When you connect an LED driver, an amplifier, or any sensitive circuit to a DC power supply built from a transformer and rectifier, the voltage it receives is not perfectly flat. It rises and falls in sync with the AC mains frequency, producing what engineers call ripple. A filter capacitor—almost always a large aluminum electrolytic—is placed directly across the DC output to absorb these voltage swings and deliver something much closer to true DC. This post explains why ripple occurs, how the filter capacitor removes it, and how to choose the right capacitor value for your supply.
Where Ripple Comes From
A linear power supply converts AC mains voltage to DC in two stages. First, a transformer steps the voltage down to a workable level. Second, a rectifier (usually a bridge rectifier—four diodes arranged in a diamond) converts the alternating waveform to a unidirectional one. The problem is that “unidirectional” is not the same as “constant.” The output of a bridge rectifier is a series of humps—the absolute value of the AC sine wave. In a 60 Hz country, those humps repeat at 120 Hz (twice per AC cycle, since both half-cycles are rectified). The voltage surges to a peak, then falls back nearly to zero, then surges again.
The amplitude of this ripple is the difference between the peak voltage and the trough voltage. Without any filtering, that ripple can be as large as the full peak voltage—completely unusable for most circuits. The filter capacitor’s job is to store energy on each voltage peak and release it during the troughs, keeping the output voltage approximately constant.
Circuit Diagram
The diagram shows the complete signal path from AC input to the load. Notice how the voltage waveform changes character at each stage: a sine wave going into the bridge rectifier, a bumpy pulsed-DC waveform coming out, and a nearly flat DC line after the filter capacitor. The residual small ripple on the output is unavoidable with passive filtering—the capacitor can’t be infinite—but it is small enough for most applications.
How the Capacitor Smooths the Ripple
The electrolytic capacitor is connected in parallel with the load across the DC output rails. On each voltage peak from the rectifier, the capacitor charges up to approximately the peak voltage. As the rectifier output falls away from the peak, the capacitor begins to discharge into the load. It’s acting like a small reservoir of charge that tops up the supply between peaks.

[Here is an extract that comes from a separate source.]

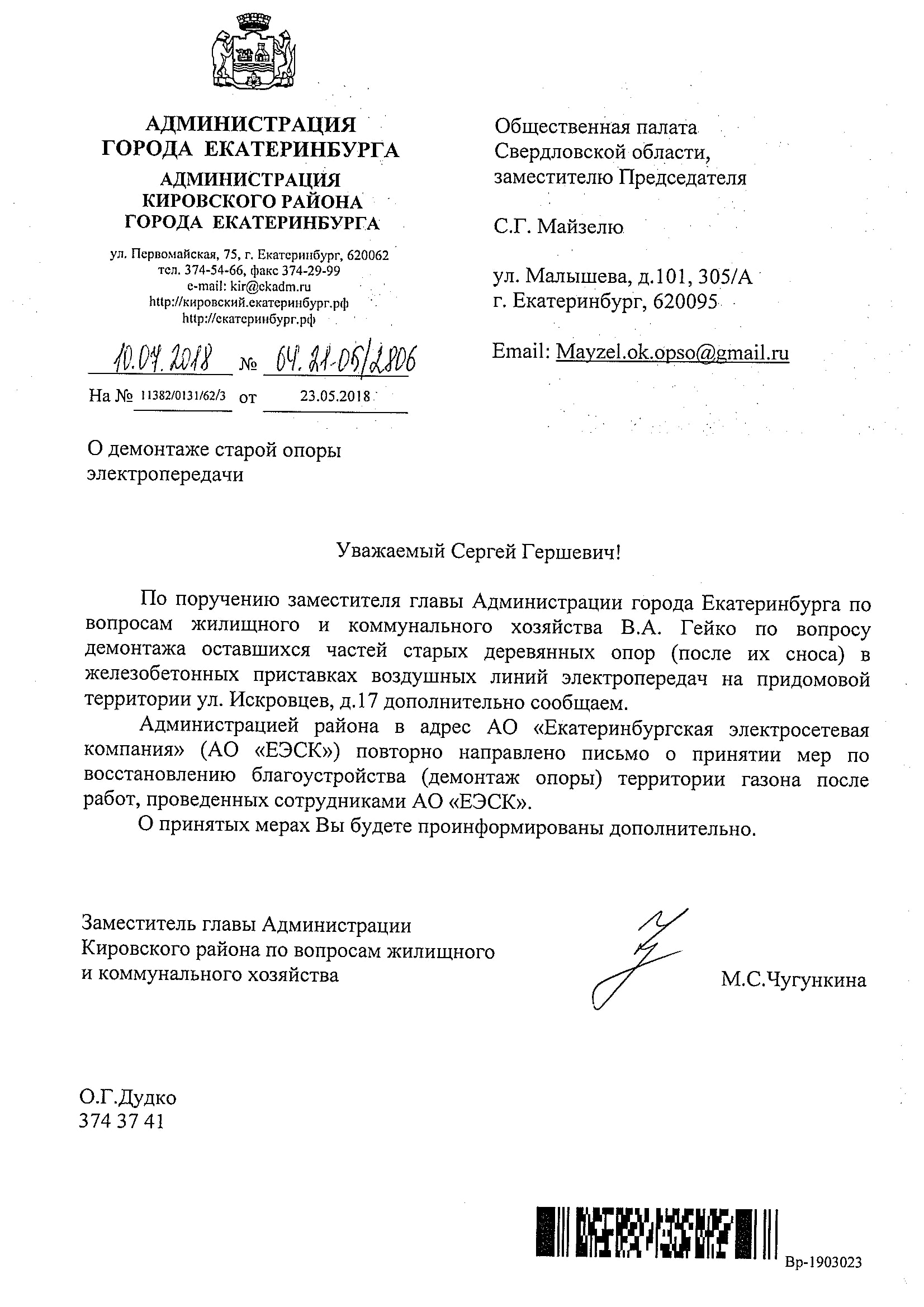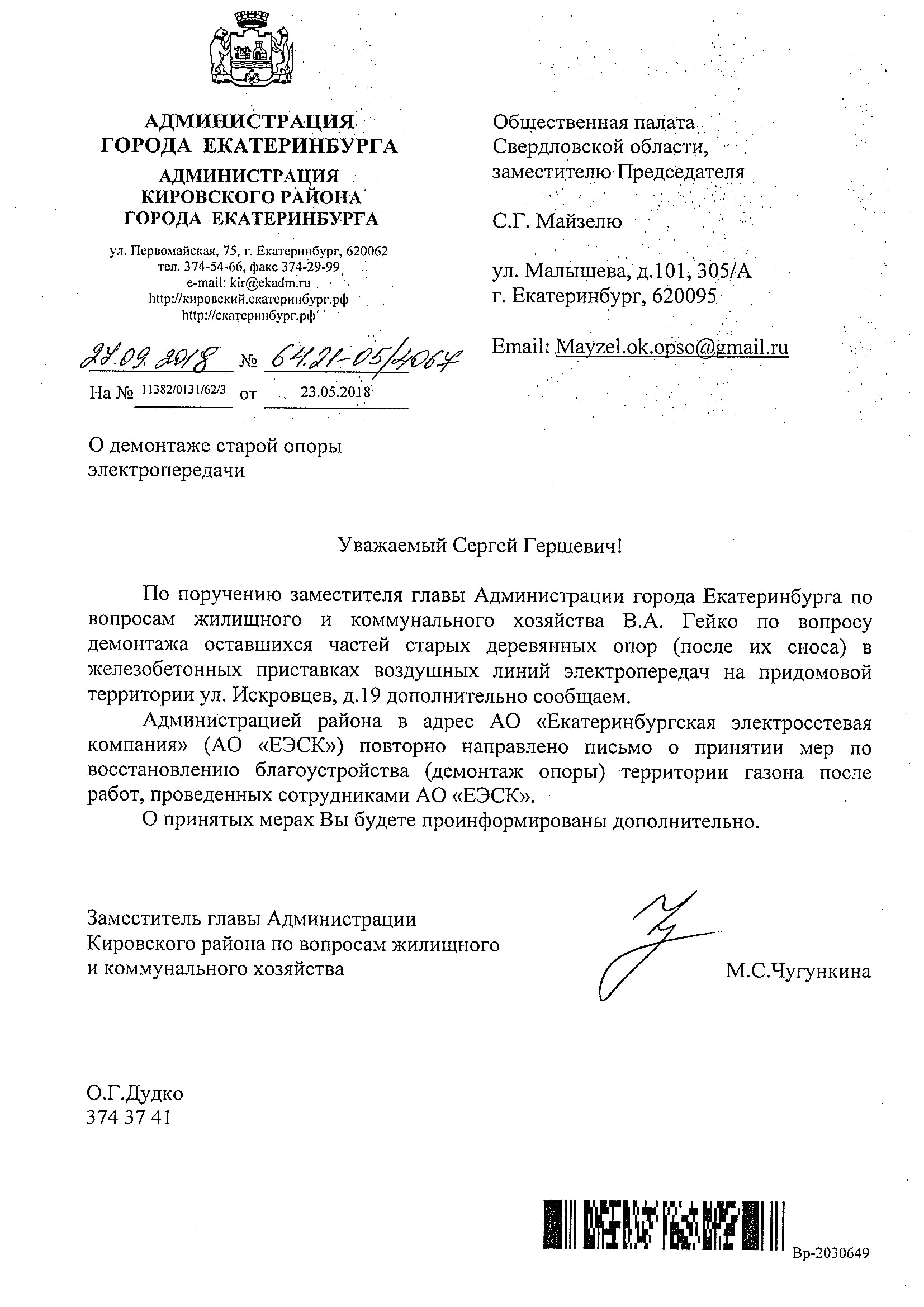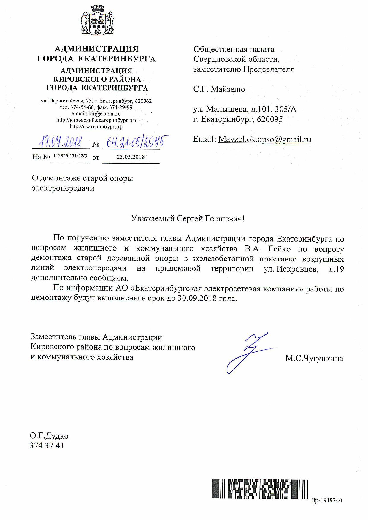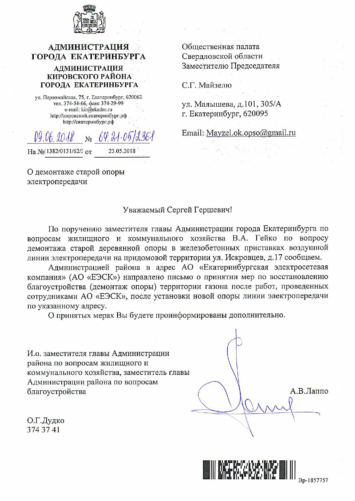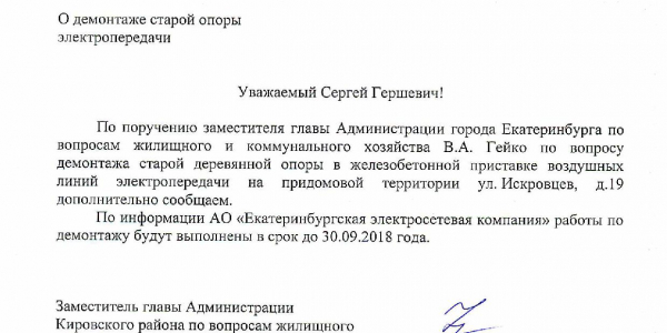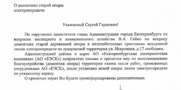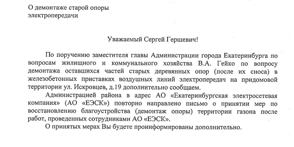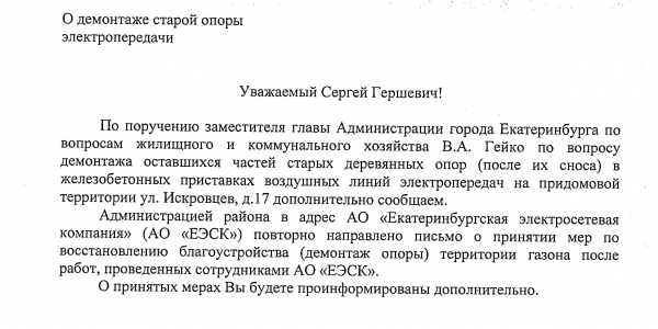 Номер жалобы:35583 Тип жалобы:Иные проблемы ЖКХ Название объекта:ЕЭСК Регион:Свердловская область Город:Екатеринбург Адрес:ул. Искровцев, 17 Описание жалобы:Просьба убрать старую опору . Статус:

The rate at which the capacitor discharges depends on the load current and the capacitance value. A higher load current drains the capacitor faster, causing more ripple. A larger capacitor stores more charge, so it maintains the voltage longer before the next peak arrives. The relationship is captured in the ripple voltage formula:
- Vripple ≈ Iload ÷ (f × C)
Where Iload is the DC load current in amps, f is the ripple frequency in Hz (120 Hz for a full-wave rectifier on 60 Hz mains, 100 Hz for 50 Hz mains), and C is the capacitance in farads. The result is peak-to-peak ripple voltage. Lower is better.
Choosing the Capacitor Value
Rearranging the formula to solve for C: C ≥ Iload ÷ (f × Vripple,max). This gives you the minimum capacitance to stay within a ripple budget. For example, a supply powering a 500 mA LED driver, with a ripple target of 0.5V peak-to-peak, on 60 Hz mains (120 Hz ripple frequency): C ≥ 0.5 ÷ (120 × 0.5) = 0.00833 F = 8,330µF. In practice, you’d choose the next standard value up—10,000µF.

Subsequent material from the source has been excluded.